The Pitch: Why Telehealth-Only Actually Works in 2026

You don't need a lease. You don't need a waiting room. You don't need to hire a medical assistant on day one. A telehealth-only practice in 2026 can launch for under five thousand dollars and see its first paying patient in week three. Solo providers are doing it. Two-provider partnerships are doing it. A surprising number of established practices are spinning up virtual-only side panels to capture demand they can't seat in person.

The economics are obvious once you write them down. Rent disappears. Front desk staffing shrinks or vanishes. Equipment is a laptop, a headset, and a webcam. Overhead per visit drops to a number that lets a solo provider clear real money at insurance rates, or run a cash-pay panel without charging surgery prices.

None of this means it's free of work. Licensing is fiddly. Malpractice has a checkbox you cannot skip. Billing requires you understand a few telehealth-specific rules. But the path is known now in a way it wasn't in 2021, and the platforms have caught up. This guide is the order you actually need to do things in, plus the gotchas that sink the people who skip steps.

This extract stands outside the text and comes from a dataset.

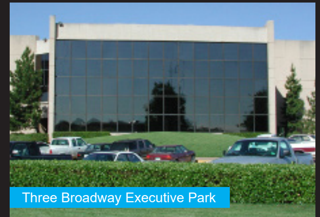
Three Broadway Executive Park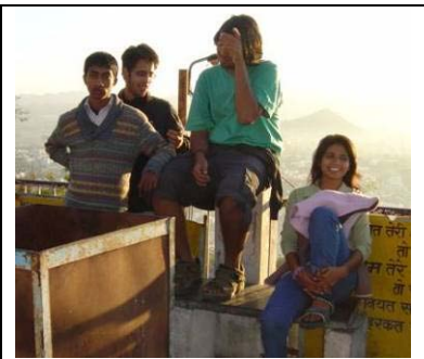
Children performing play at Dastkaar. W & K agency presentation. workshop at Shikshanter, Udaipur .

Pick Your States Before You Pick Anything Else

Every other decision flows from where you can legally see patients. Telehealth licensing is based on where the patient sits during the visit, not where you sit. If you only hold a license in one state, your entire practice is bound to patients physically located in that state at visit time. That's fine for some specialties, suffocating for others.

Start with this question: how big a panel do you want, and where do those patients live? A psychiatrist serving a specific metro can do well with one state. A primary care provider targeting cash-pay weight loss or hormone management probably wants four to eight states minimum. Concierge models for niche conditions sometimes need a dozen or more.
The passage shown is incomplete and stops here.